Selon les détracteurs, le film est lié au référendum du 16 avril qui pourrait accorder au président turc Recep Tayyip Erdoğan des pouvoirs exécutifs sans précédent
Reha Beyoğlu entouré par des fans lors de la première de Reis, le 26 février 2017 (MEE/Melvyn Ingleby)

ISTANBUL, Turquie – L’acteur turc Reha Beyoğlu s’accorde quelques instants pour essuyer la sueur de son front avant qu’un autre fan n’insiste pour prendre un selfie avec lui. La star a une réputation à tenir : il n’y a donc pas grand-chose d’autre à faire que de garder le sourire.

Dans son dernier film, Reis (« Le chef »), dont la première a eu lieu le jour de l’anniversaire du président Recep Tayyip Erdoğan, le 26 février, Beyoğlu joue le rôle d’Erdoğan.

Pour les détracteurs, le timing du film est lié à une autre date importante : le 16 avril, jour où la Turquie tiendra un référendum sur des amendements constitutionnels qui accorderaient au président des pouvoirs exécutifs étendus.

« J’aime vraiment Tayyip Erdoğan. En tant qu’acteur, c’est une joie indescriptible de jouer le rôle de son président »
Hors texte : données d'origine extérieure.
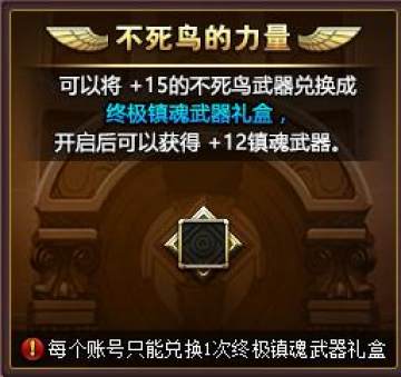 不死鸟的力量免费武器换镇魂获得期间,可以在冥炎鸟之气息处用+15强化等级的不死鸟武器兑换+12强化等级的镇魂武器。兑换成功后,可以获得【终极镇魂武器礼盒】一枚!

- Reha Beyoğlu, acteur turc

Beyoğlu est prompt à rejeter tout soupçon selon lequel le film serait lié au référendum. « Il n’est pas question que ce [soit un] film de propagande ou quoi que ce soit de semblable. C’est une biographie. Et quand on dépeint la vie de la personne la plus importante en Turquie, je peux vous assurer que les scénaristes ne peuvent pas simplement se servir de leur fantaisie. Nous dépeignons la réalité. »
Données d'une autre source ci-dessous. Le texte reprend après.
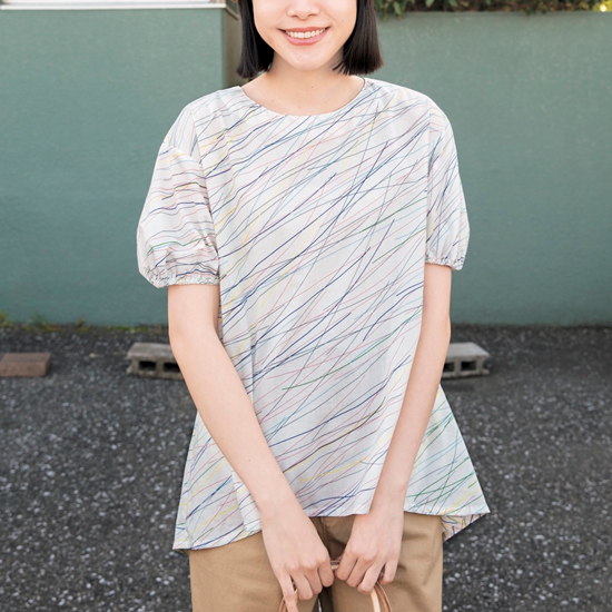 ボリューム袖がキュートなシンプルブラウス ボリューム感のあるバルーンスリーブがポイントのブラウス。袖は2wayで、普通に着るとパフスリーブ、カフス部分をひじ上まで上げるとふんわりとしたバルーンスリーブに変身します。袖にボリュームがある分、身頃はシンプルなので、無地からプリント柄までどんな素材でも合います。ボトムもパンツやスカートなど、着まわしも幅広く!裾は後ろ側が少し長めの前後差のあるデザインで、洗練感をプラス。ふんわりした袖のシルエットを綺麗に出すため、布地は柔らかく薄めのローンやブロードなどがオススメです。通常価格 ¥550~¥1,100セール価格 ¥550〜 通常価格単価 あたり
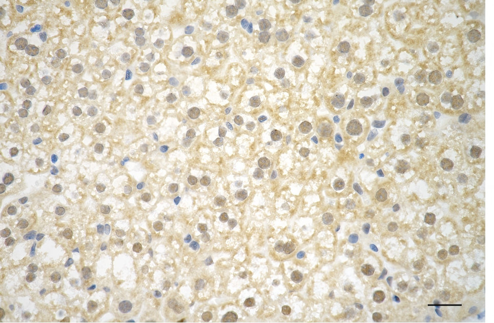 Immunohistochemistry was performed on paraffin-embedded mouse liver using MAP2K3 antibody. Antigen retrieval was done in sodium citrate buffer (pH 6.0). DAB was used for detection, with hematoxylin counterstaining. Images were acquired using a Nikon Ci-L Plus microscope (40× objective). Scale bar: 25 μm.

Cela dit, l’acteur turc admire clairement son personnage.

« J’aime vraiment Tayyip Erdoğan. En tant qu’acteur, c’est une joie indescriptible de jouer le rôle de son président. Mais c’est aussi une responsabilité parce que je me rends compte que je suis désormais associé à lui. Je fais donc de mon mieux pour m’assurer qu’aucune de mes propres erreurs ne soit liée à notre président. »

Reis raconte la vie d’Erdoğan, de son enfance à son accession au poste de maire d’Istanbul, et se termine autour de son emprisonnement, en 1999. Hüdaverdi Yavuz, le réalisateur du film, insiste sur le fait que le gouvernement n’a pas influencé son travail et que les financements ont été obtenus par l’homme d’affaires turco-néerlandais Temel Kankıran.


Les débuts d’Erdoğan

Le film commence dans les rues étroites de Kasımpasa, un quartier pauvre d’Istanbul situé sur les rives de la Corne d’Or, où Erdoğan est né en 1954. Pendant son enfance, qu’il passe dans sa ville natale, Erdoğan est dépeint comme quelqu’un qui possède déjà l’autorité naturelle innée d’un futur président.

Tandis que ses amis passent leur temps à traîner ou à se battre, le jeune Erdoğan les rappelle à l’ordre : « Allons à la mosquée, les gars », lance-t-il dans le film.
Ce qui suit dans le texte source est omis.